Required work:
In the material below, the lines between the one holding "外運![]() | 宗岡梨々紗さんの外運は29画の4つ星!完全主義で才能がある。厳格な心の持ち主。" and the one holding "Настенная лампа с", inclusive, are to be set down word for word. Pictures stay out.

Data records:
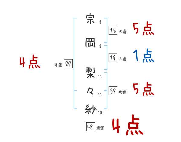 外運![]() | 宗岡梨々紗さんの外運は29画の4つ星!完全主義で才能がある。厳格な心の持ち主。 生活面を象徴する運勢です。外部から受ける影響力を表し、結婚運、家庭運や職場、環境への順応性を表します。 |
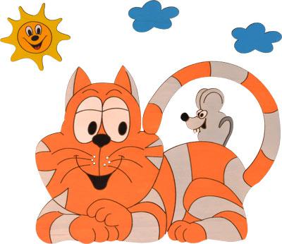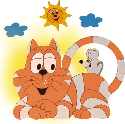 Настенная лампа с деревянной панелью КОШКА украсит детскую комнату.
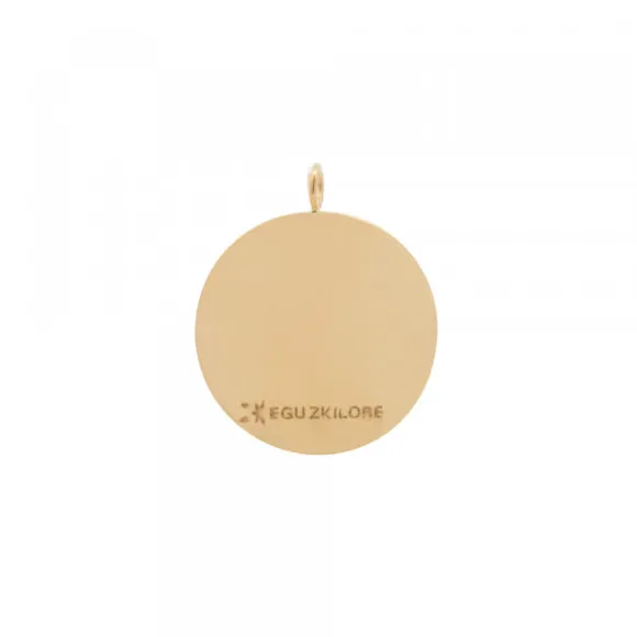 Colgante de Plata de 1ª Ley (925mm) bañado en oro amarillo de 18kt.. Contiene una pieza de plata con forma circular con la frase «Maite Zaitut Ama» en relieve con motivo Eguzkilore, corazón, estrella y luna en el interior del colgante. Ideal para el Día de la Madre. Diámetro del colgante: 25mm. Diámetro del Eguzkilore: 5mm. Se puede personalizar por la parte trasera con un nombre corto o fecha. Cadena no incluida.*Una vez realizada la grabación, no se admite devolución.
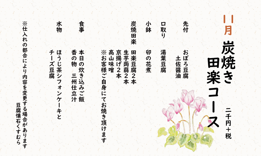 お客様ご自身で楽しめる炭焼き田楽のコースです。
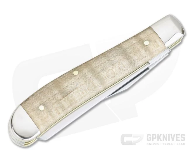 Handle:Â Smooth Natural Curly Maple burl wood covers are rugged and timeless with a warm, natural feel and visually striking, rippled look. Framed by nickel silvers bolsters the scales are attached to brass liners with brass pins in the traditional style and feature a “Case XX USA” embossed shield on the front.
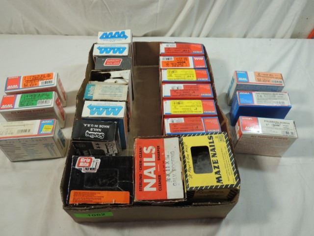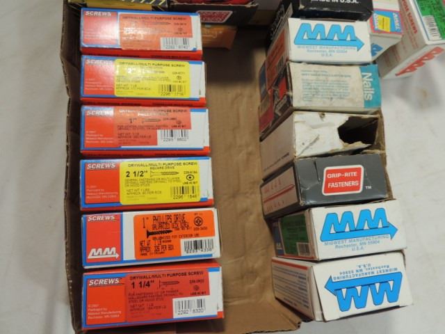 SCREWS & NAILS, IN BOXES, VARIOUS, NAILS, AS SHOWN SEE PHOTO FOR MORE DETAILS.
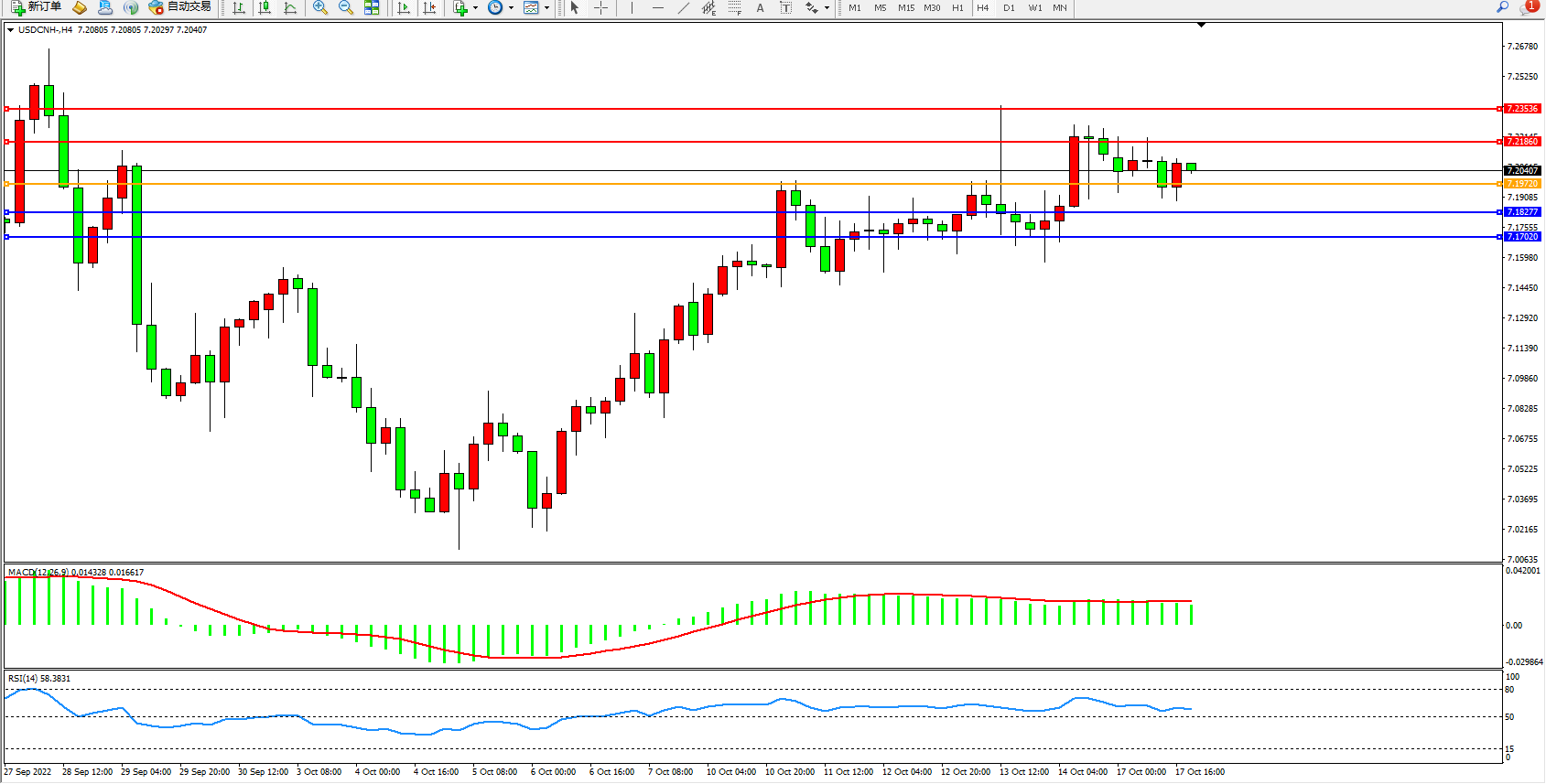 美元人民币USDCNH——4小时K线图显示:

---

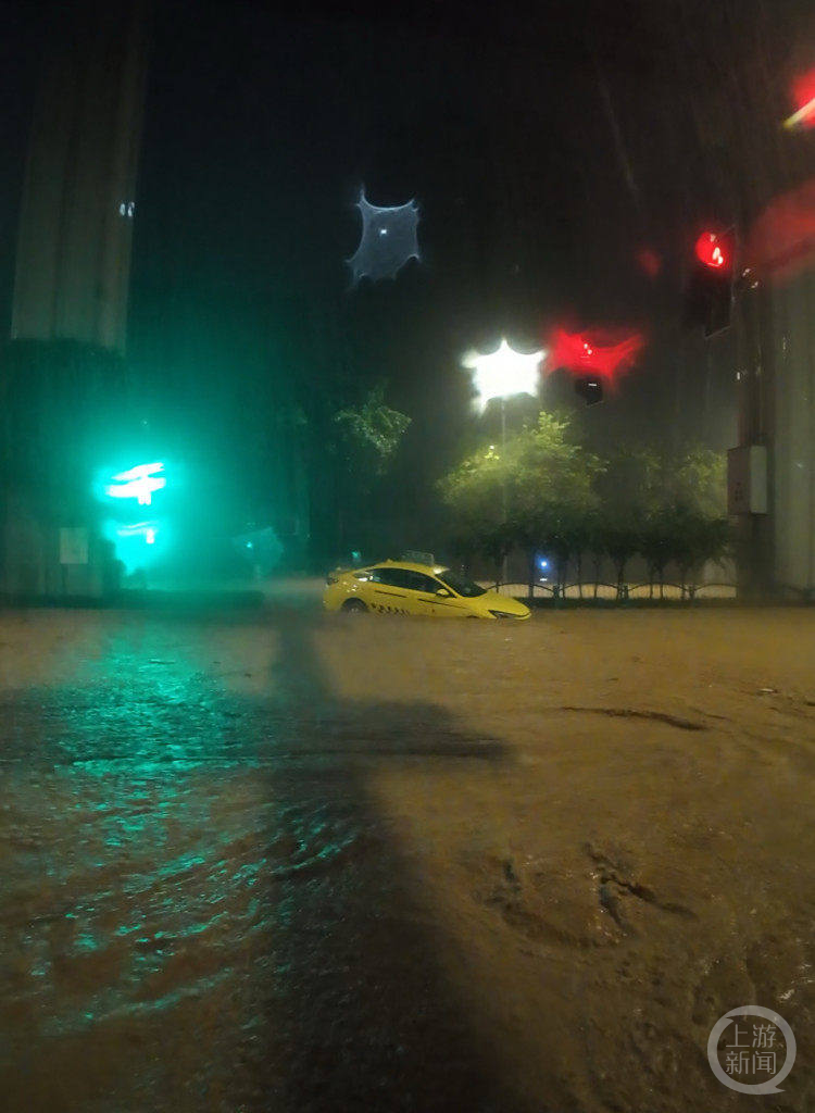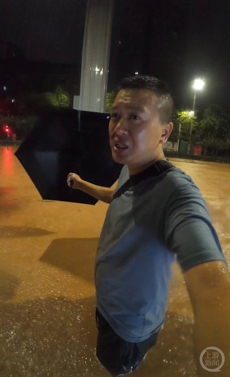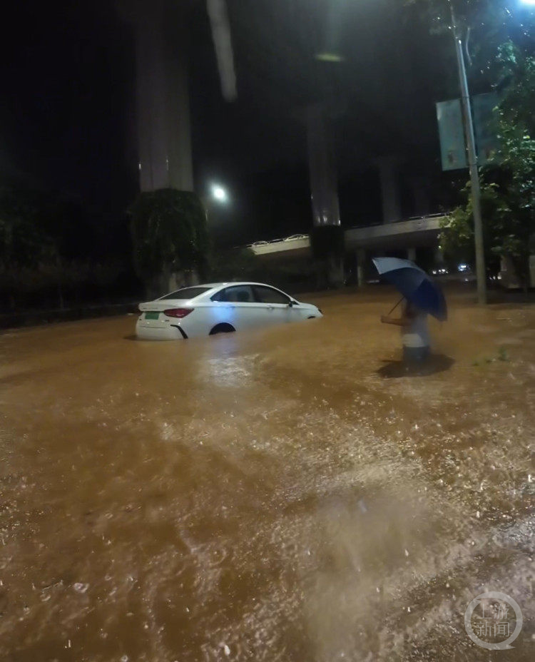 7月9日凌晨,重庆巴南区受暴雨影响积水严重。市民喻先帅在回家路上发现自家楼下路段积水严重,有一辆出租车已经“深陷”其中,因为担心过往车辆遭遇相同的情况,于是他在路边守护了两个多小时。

Reply to the exercise:
 外運![]() | 宗岡梨々紗さんの外運は29画の4つ星!完全主義で才能がある。厳格な心の持ち主。 生活面を象徴する運勢です。外部から受ける影響力を表し、結婚運、家庭運や職場、環境への順応性を表します。 |
 Настенная лампа с деревянной панелью КОШКА украсит детскую комнату.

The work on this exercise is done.